**EXERCISE DIRECTIONS**
Your output must reproduce all the records below precisely and contain no pictures.

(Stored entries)
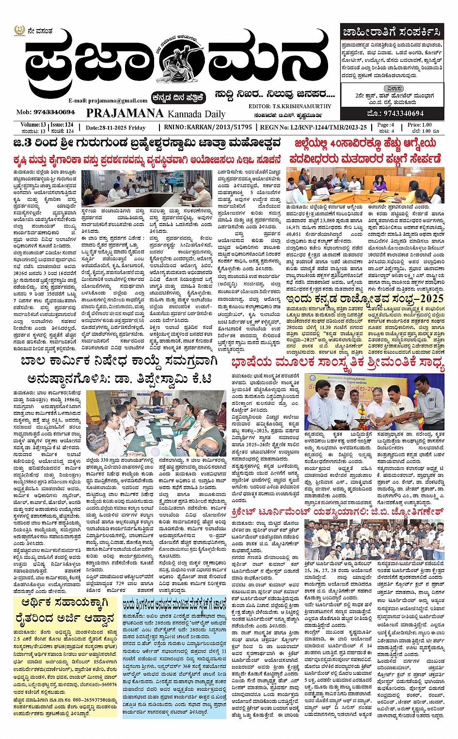 ಪ್ರಜಾಮನ 28 NOVEMBER 2025 November 28, 2025 << First << 1 >> Last >> Page 1Page 2Page 3Page 4 × ಪ್ರಜಾಮನ 28 NOVEMBER 2025 PRAJAMANA-page-001PRAJAMANA-page-002PRAJAMANA-page-003PRAJAMANA-page-004 << First << 1 >> Last >> PRAJAMANA-page-001PRAJAMANA-page-002PRAJAMANA-page-003PRAJAMANA-page-004 PRAJAMANA-page-001
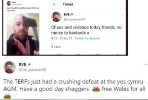 The online remarks by ‘BVB’ (who includes a hammer and sickle in his Twitter heading) declare: “Chaos and violence today friends, no mercy to bastards x”, and in another tweet he has included a picture of a man carrying an axe. He has also proclaimed: “The TERFs (trans-exclusionary radical feminists) just had a crushing defeat at the yes cymru AGM. Have a good day shaggers free Wales for all”, with Welsh flag emojis attached to the contentious comment. Another announcement on Twitter was: “The @YesCymru vote shows that the majority of the membership is decent and wants a fair and equal indy Wales for all. Hopefully, the minority intent on derailing with hatred will disappear. Time to get the message out of the twittersphere and onto the doorstep. Cymru Rhydd (Free Wales).”(Welsh flag emoji).
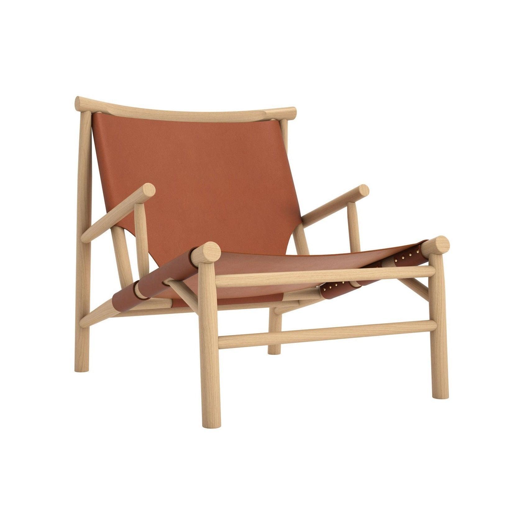 The Samurai Chair is a highly valued piece of furniture with a stick construction, popular in the 1950s, combining various sections of turned oak wood that provide seating comfort and geometry. The chair is beautifully complemented by a highly crafted section of round oak wood that connects to the back in an elegant form, enhancing the iconic silhouette. The seat is secured with brass rivets for maximum durability, while the backrest is attached using adjustable leather straps and brass buckles.
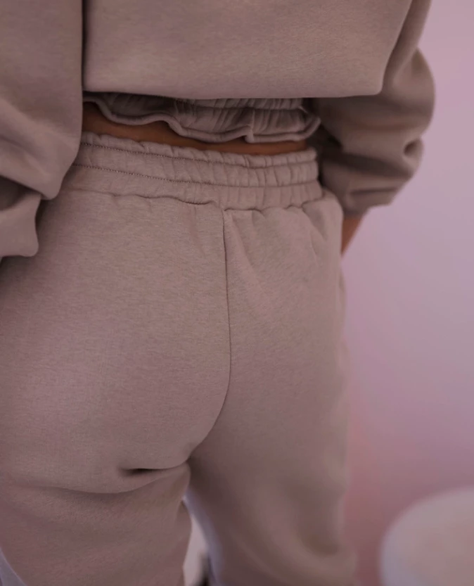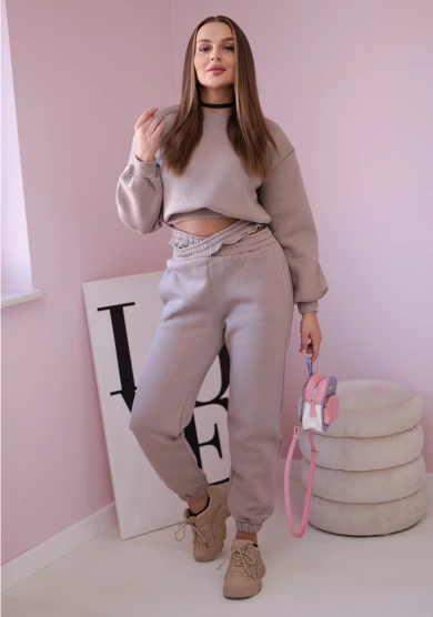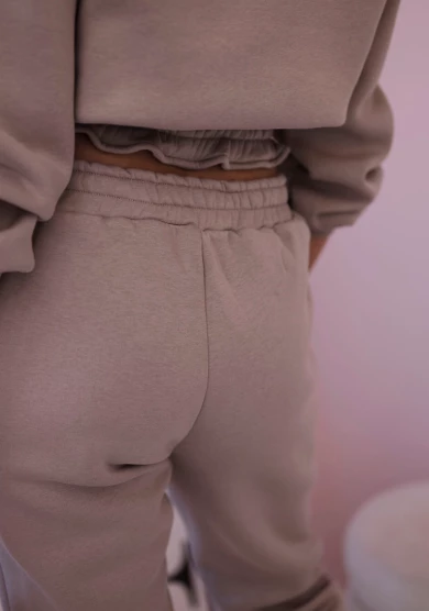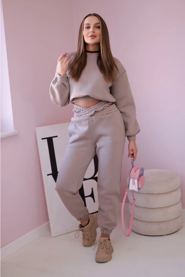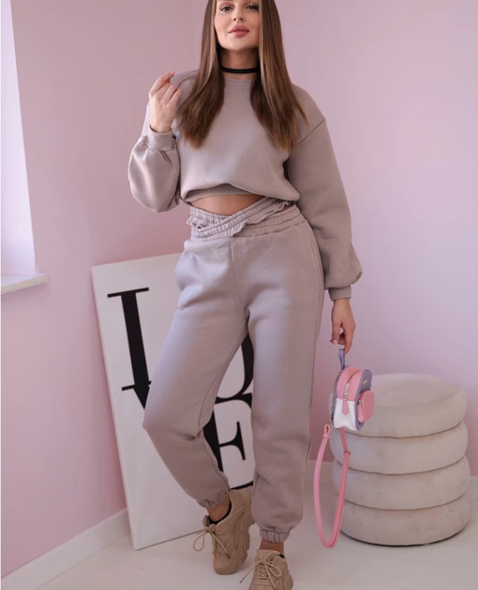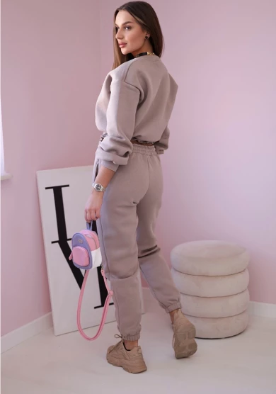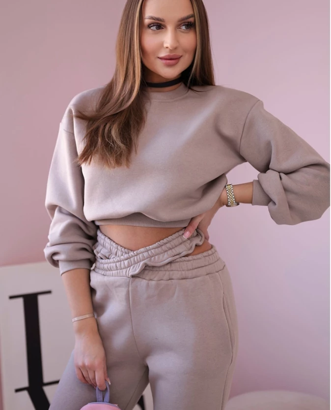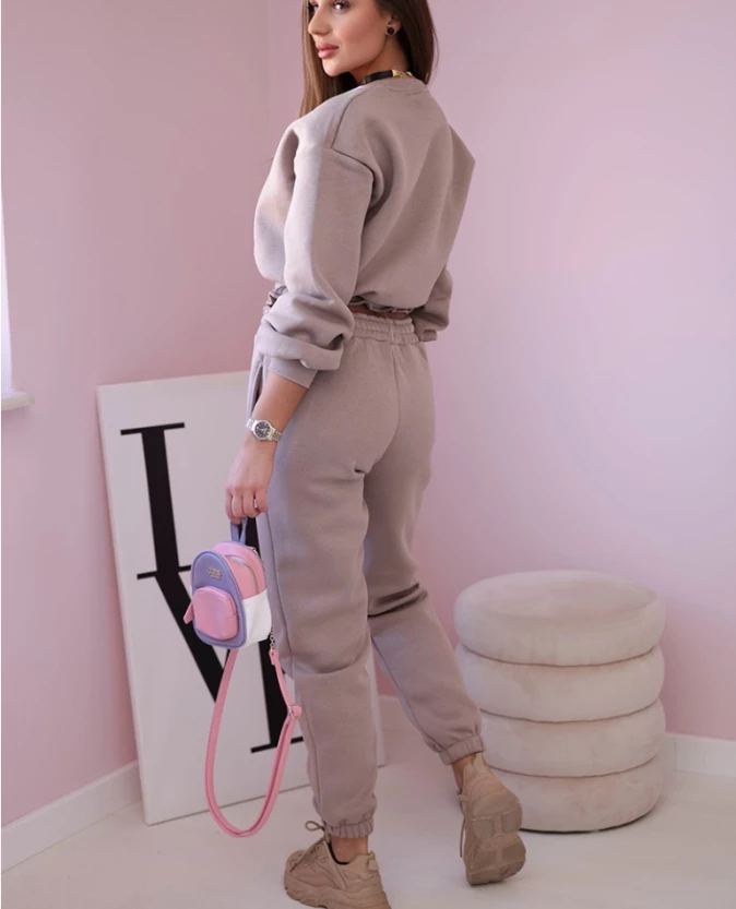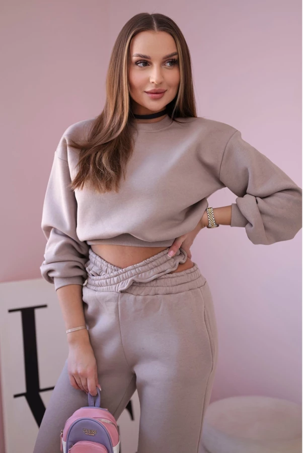 Komplet ocieplany z krótką bluzą Ciemny Beżowy
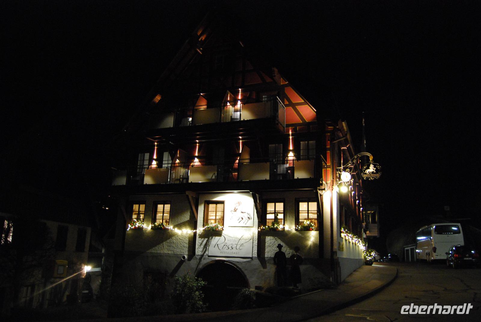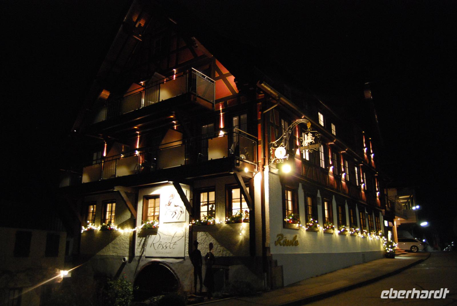 Zeitig startete der Bus von Pirna über Dresden in Richtung Süden. In süd-westlicher Richtung fuhren wir durch den Freistaat Bayern bis nach Baden-Württemberg. Bevor wir aber in die Region Freudenstadt einfuhren, machten wir noch eine Schleife über Pforzheim und Karlsruhe und sammelten dort noch weitere Gäste ein. Nun, da wir jetzt so ziemlich den ganzen Bus befüllt hatten ging es direkt zur Unterkunft. In Offenburg, nicht weit von der französischen Grenze entfernt, verließen wir die Autobahn und mussten nun über die gut ausgebauten Straßen den Schwarzwald von West nach Ost durchfahren. Müde von der langen Reise kamen wir in dem gemütlichen Schwarzwald-Örtchen Alpirsbach an. Das Hotel Rössle, mit der Familie Beilharz, empfing uns herzlich.
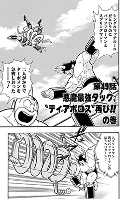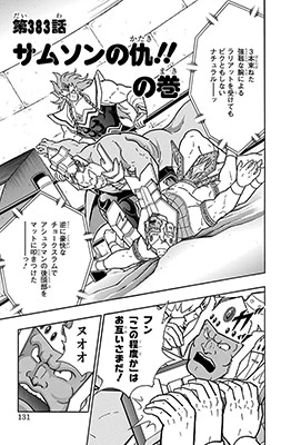 3代目グレートと共にエクサベータ―たちに挑むキン肉マン。グレート初代の技、2代目の魂を受け継いだような戦いぶりで優位に試合を進めていく。しかしエクサベータ―たちが強力なツープラトン攻撃で襲い掛かり――!?

**SOLUTION FOR THIS EXERCISE**
 ಪ್ರಜಾಮನ 28 NOVEMBER 2025 November 28, 2025 << First << 1 >> Last >> Page 1Page 2Page 3Page 4 × ಪ್ರಜಾಮನ 28 NOVEMBER 2025 PRAJAMANA-page-001PRAJAMANA-page-002PRAJAMANA-page-003PRAJAMANA-page-004 << First << 1 >> Last >> PRAJAMANA-page-001PRAJAMANA-page-002PRAJAMANA-page-003PRAJAMANA-page-004 PRAJAMANA-page-001
 The online remarks by ‘BVB’ (who includes a hammer and sickle in his Twitter heading) declare: “Chaos and violence today friends, no mercy to bastards x”, and in another tweet he has included a picture of a man carrying an axe. He has also proclaimed: “The TERFs (trans-exclusionary radical feminists) just had a crushing defeat at the yes cymru AGM. Have a good day shaggers free Wales for all”, with Welsh flag emojis attached to the contentious comment. Another announcement on Twitter was: “The @YesCymru vote shows that the majority of the membership is decent and wants a fair and equal indy Wales for all. Hopefully, the minority intent on derailing with hatred will disappear. Time to get the message out of the twittersphere and onto the doorstep. Cymru Rhydd (Free Wales).”(Welsh flag emoji).
 The Samurai Chair is a highly valued piece of furniture with a stick construction, popular in the 1950s, combining various sections of turned oak wood that provide seating comfort and geometry. The chair is beautifully complemented by a highly crafted section of round oak wood that connects to the back in an elegant form, enhancing the iconic silhouette. The seat is secured with brass rivets for maximum durability, while the backrest is attached using adjustable leather straps and brass buckles.
 Komplet ocieplany z krótką bluzą Ciemny Beżowy
 Zeitig startete der Bus von Pirna über Dresden in Richtung Süden. In süd-westlicher Richtung fuhren wir durch den Freistaat Bayern bis nach Baden-Württemberg. Bevor wir aber in die Region Freudenstadt einfuhren, machten wir noch eine Schleife über Pforzheim und Karlsruhe und sammelten dort noch weitere Gäste ein. Nun, da wir jetzt so ziemlich den ganzen Bus befüllt hatten ging es direkt zur Unterkunft. In Offenburg, nicht weit von der französischen Grenze entfernt, verließen wir die Autobahn und mussten nun über die gut ausgebauten Straßen den Schwarzwald von West nach Ost durchfahren. Müde von der langen Reise kamen wir in dem gemütlichen Schwarzwald-Örtchen Alpirsbach an. Das Hotel Rössle, mit der Familie Beilharz, empfing uns herzlich.
 3代目グレートと共にエクサベータ―たちに挑むキン肉マン。グレート初代の技、2代目の魂を受け継いだような戦いぶりで優位に試合を進めていく。しかしエクサベータ―たちが強力なツープラトン攻撃で襲い掛かり――!?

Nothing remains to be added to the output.